Waffle iron



Waffle Irons, Waffle, Kitchen Utensil

I’d always wanted a waffle iron. At age six, I started asking for you, every Christmas and every birthday. I dreamed of making large, golden, square waffles which were slightly crispy on the outside and light on the inside. I received my first wok once I was six, my first ice cream machine a couple of years later, but sadly, no waffle iron.
I’m getting married later this year, and my fiancée and I’ve already registered in at least one place. Can you imagine what the first thing I picked was? That’s right…a waffle iron. It turned out to be a premature choice, however, because to my surprise, I got my first waffle iron for Christmas. My fiancée put in a good word for me with the rest of the family saying,”Paul really wants a waffle iron.” I really like it; I have already used it quite a lot since Christmas.
I followed the recipe printed in the manual on the inaugural run. The more times I used it, the bolder I got. I made substitutions and even added other ingredients like swapping milk for buttermilk or oil for butter. I altered the amount of flour and even tried using pasteurized egg white; I will never do this again. Pasteurized egg whites just don’t fluff up the way non-pasteurized egg whites do.
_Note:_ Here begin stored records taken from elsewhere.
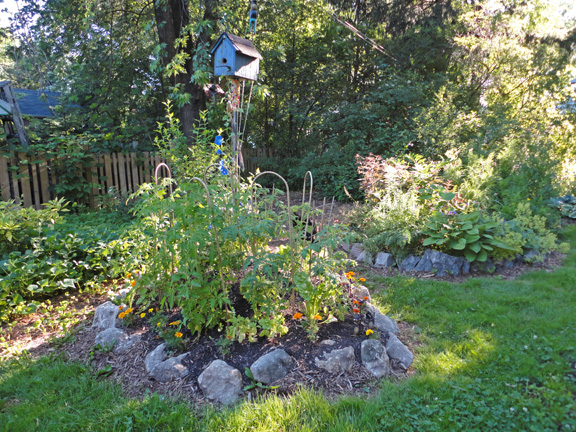 This is a new garden this year. I made it surrounding the bird house, which by the way is still occupied by a family of sparrows. We see them anytime we are not ready with a camera. I have a morning glory growing up the pole, some basil and lettuce and Swiss Chard and a number of tomato plants that were grown from seed and given to me by my friend Spicecat. This garden, like much of my yard has marginal sun for tomatoes, but they’re doing quite well and I expect a fine crop.
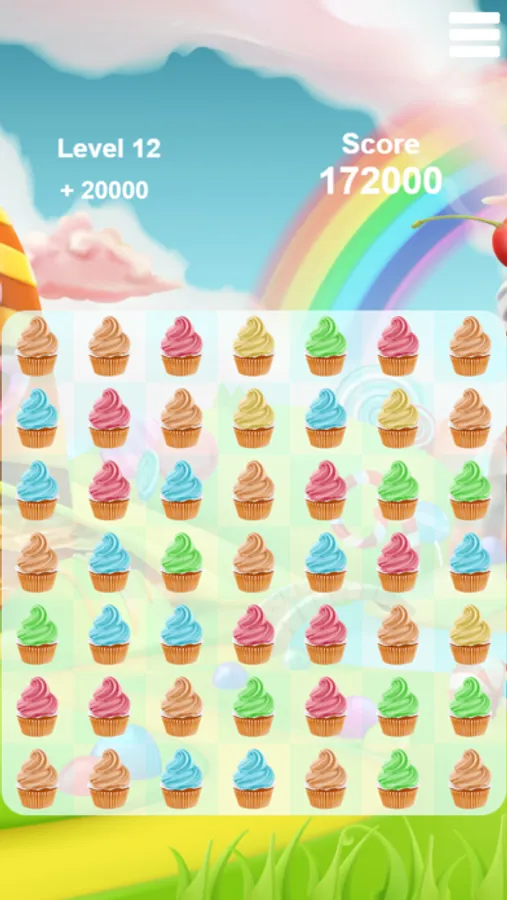 - Use the special white cupcake with sprinkles to remove all cupcakes of the same tone from the board.
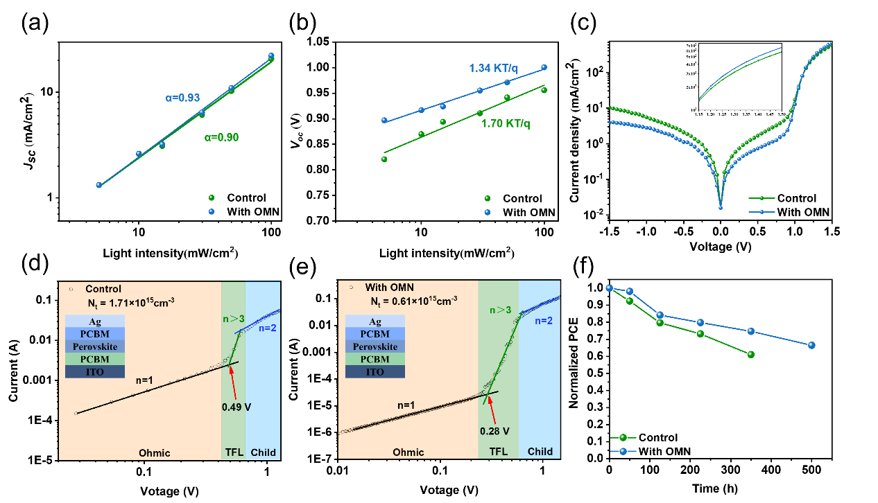 Fig. 7. Different irradiation intensities for MA-based device of (a) JSC and (b) Voc. (c) Dark J-V curves for MA-based control and OMN-modified PSCs. Dark J–V characteristics of MA-based (d) control and (e) OMN-modified device (the inset shows the device structure). (f) Stability testing of MA-based PSC devices at room temperature and in a nitrogen environment (H2O 30 ppm, O2 30 ppm).
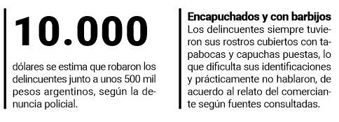 En este contexto, bajo amenazas con armas de fuego que el denunciante no supo describir, consiguieron el dinero que formaba parte de la recaudación del día (500 mil pesos) y unos dólares que el propietario tenía guardados en el local comercial.
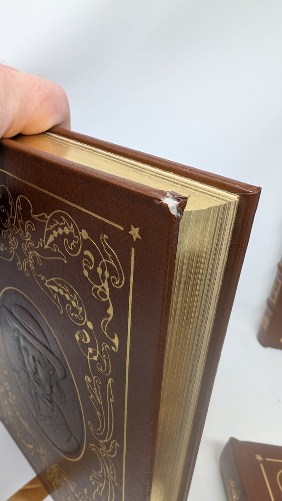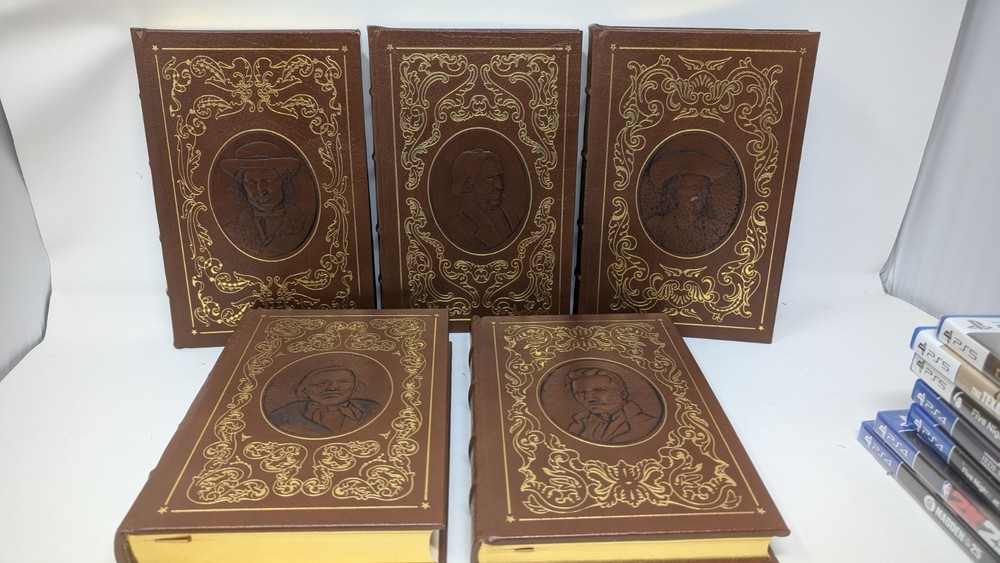 Vintage Leather Bound Frontier Heroes Book Set – Daniel Boone, Wild Bill, Davy Crockett, Kit Carson, Buffalo Bill Bring the legends of the American frontier to your shelf with this beautiful matching set of leather bound books. Each volume features a gold-embossed spine and cover, durable binding, and timeless subject matter focused on some of the most iconic figures of the Wild West. Titles & Authors Included: Daniel Boone by Michael Lofaro Wild Bill by Joseph Rosa Davy Crockett by James Shackford Kit Carson by Harvey Lewis Carter Buffalo Bill by Leonard & Goodman Features: Matching brown leather covers with gold gilt lettering & designs Classic decorative spines for an elegant display High-quality bindings, perfect for collectors or Western Americana enthusiasts Condition: Pre-owned, good overall. There is a little shelf wear, but bindings intact, pages clean. There is one front cover that may have some fading and a couple corners showing wear, as can be seen in the photos. Please review photos for exact condition. This set makes an excellent gift for history buffs, collectors of Western Americana, or anyone who appreciates finely bound books.

I hit pay dirt recently with my loved ones. My latest experimental batter came out very nicely.
Ingredients:
2 cups of all-purpose flour
4 egg whites
1 pinch of cream of tartar
1 cup of butter milk of vanilla extract
2 tsp. of baking powder
1 pinch of salt
2 Tblsp. of melted unsalted butter
First, add the cream of tartar to the egg whites. (Contrary to popular belief, cream of tartar does not produce increased quantity, but it does help in a more stable molecular structure). Whip the egg whites to a soft peak. You may tell your whites are done when you dip your beater into the snowy and it makes a summit that slumps quickly. Set the egg whites aside.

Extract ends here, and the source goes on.